In order to test our Null Hypothesis, we want to examine whether the assailant could be standing at or beyond 105 meters from the statue. Since the closest distance for this hypothesis is 105 meters, let us calculate the speed at which the assailant must throw the snowball to reach my friend at the statue. This is the minimum speed which would follow from this hypothesis.

We calculate that the assailant would have to throw the snowball at a minimum of 32.09 m/s or 71.63 miles per hour if this hypothesis is true. Where does this throwing speed fit into the distribution of human throwing speeds for a tennis ball?

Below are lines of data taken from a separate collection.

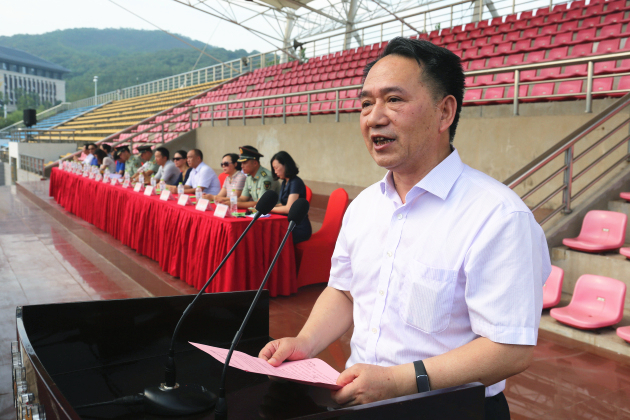 最后,黄桂成副校长总结讲话,他向长期支持我校军训工作的解放军理工大学的首长和教官们表示崇高的敬意,再次强调了军训对大学生们的重要意义,并对参训的2016级新生提出了三点希望:一是要端正态度、服从指挥,在军训中强健体魄;二是要利用军训磨练出坚韧的意志品质;三是要通过军训,学习军人的优秀素质和良好习惯。他期待同学们顺利通过军训的考验,以更加优异的精神面貌,迎接未来大学生活的挑战。
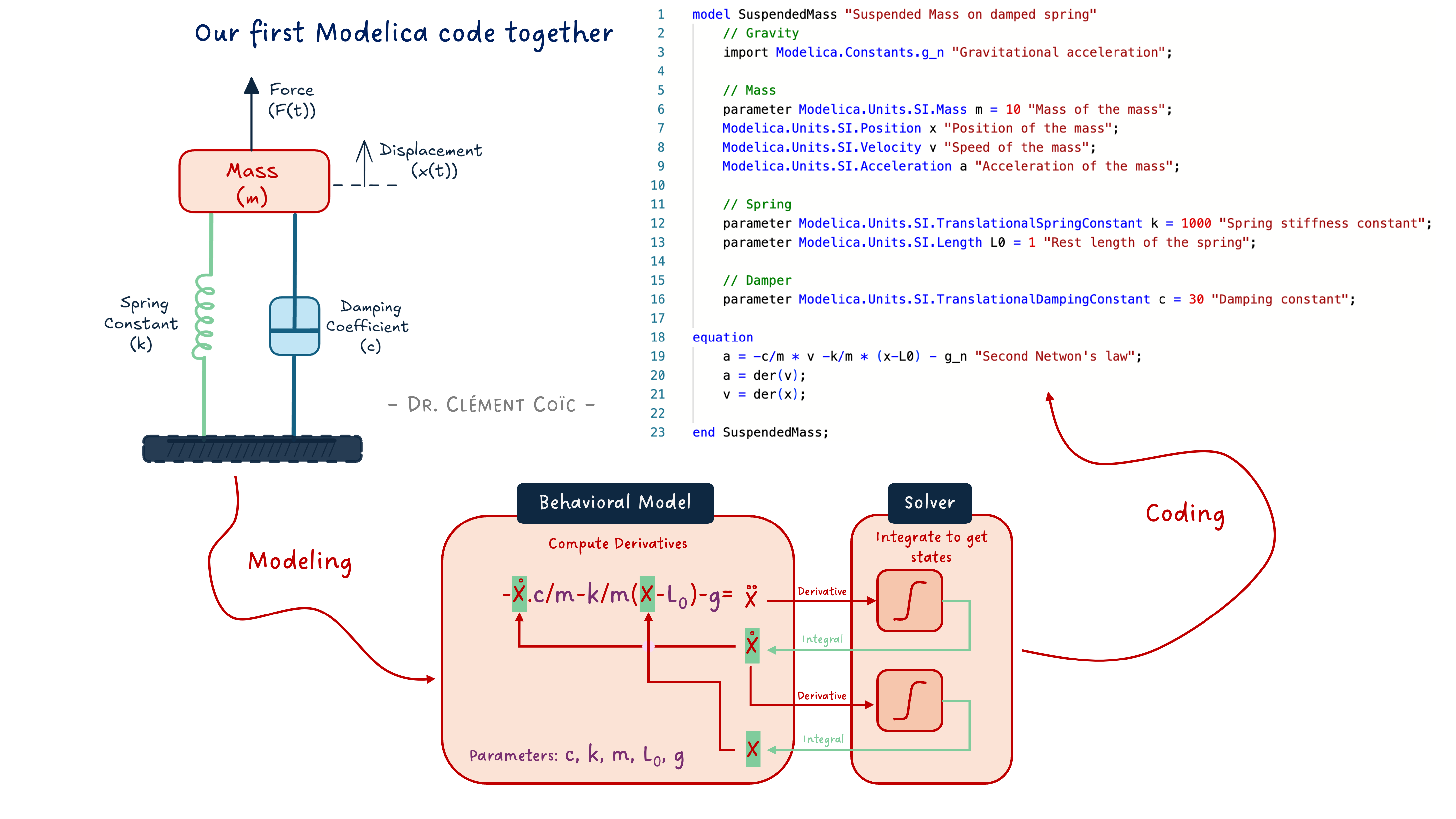 Note: I am a big fan of doing something easy first. Doing something that you know, in a different way. The value is that you don’t need to put effort into understanding several things at once. You know the topic, then you just have to focus on the implementation. So we’ll code the famous suspended mass example, that was also discussed in the last article about FMI - get back to it quickly if needed. I mean, this is typically a model that should be done by composition (drag&drop) - all component models are available in the MSL. It is really just for the purpose of explaining code that we will use it here.
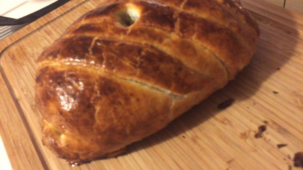 Rosbif, pâte feuilletée, oignon, jambon cru, moutarde, jaune d'oeuf, sucre

The graph shows the distribution of adult human throwing speed for a tennis ball (this is made up based on data I found online but I’ve lost the link to the website). The blue line represents the distribution of human throwing speeds. For anyone not familiar with probability density graphs, the easiest way to think about this is that the higher the blue line is in a specific area, the more people tend to throw at that speed. We see that the minimum throwing speed to support our Null Hypothesis of 71.63 miles per hour is quite high among the range of throwing speeds, and that not many people tend to throw at this speed (by the low position of the blue line at this speed).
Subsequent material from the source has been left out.